# [Outlook] Postausgangsserver erfordert Authentifizierung-fragt jedoch jedes Mal nach.



## daDom (4. Dezember 2003)

Der eMail-Server meine Grossonkels erfordert beim Senden von eMails eine Authetifizierung.

Ich habe in den Optionen auch alle erforderlichen Dtaen eingegeben.
Wenn ich die eMails jedoch senden möchte, kommt jedes Mal folgender Dialog:
(-> siehe Anhang)
Der Dialog fordert die Anmeldedaten - wenn ich sie (korrekt) eingebe und auf OK drücke, kommt die gleiche Meldung noch einmal.
Wenn ich  auf ABBRECHEN drücke, sendet er.

Da geht doch etwas nicht mit rechten Dingen zu...

Was mache ich falsch?

Wieso fragt der jedes mal nach den Daten, die ich doch schon längst in den Optionen korrekt angegeben habe?

grüsse
daDom


----------



## Daniel Mannheimer (4. Dezember 2003)

"Domäne" macht mich etwas stutzig. Das hab ich im Zusammenhang mit Mailservern noch nicht gesehn. Das sieht eher nach Windows-Logon aus. Mehr kann ich dir leider nicht sagen


----------



## zeromancer (5. Dezember 2003)

Es würde uns helfen, wenn wir wüssten, um was für einen Account es sich handelt. Manche Provider benutzen verschlüsselte Datenübertragung - evtl. liegt es daran, Deine Grafik sieht aber nach einem älteren Outlook aus, sodass dies möglicherweise gar nicht mit der Version machbar ist.


----------



## daDom (5. Dezember 2003)

Jo, vielleicht könnte man das Problem durch eine neue Outlook-Version beheben.
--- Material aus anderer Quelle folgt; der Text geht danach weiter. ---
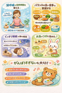 深呼吸、食事、睡眠、お灸、そして心のゆとり。

Im Anhang die neue Version des Pics mit Account.
(Der Account ist bei/von der DT Telekom)


----------



## zeromancer (5. Dezember 2003)

Bin mir fast sicher, dass T-Offline nur verschlüsseltes SMTP erlaubt...
Versuch es doch mal probeweise mit einem Account, der das nicht zwingend erfordert, ob Outlook dann ebenfalls dauernd die Daten fordert (ich glaube GMX  noch ohne Encrypting, bin mir aber wirklich nicht sicher, da ich den nie benutze).


----------



## daDom (6. Dezember 2003)

Wenn ich über diesem Account ne eMail an mich selbst schicke, kommt das nicht  

Ich werd es mit ner neueren Version versuchen...


----------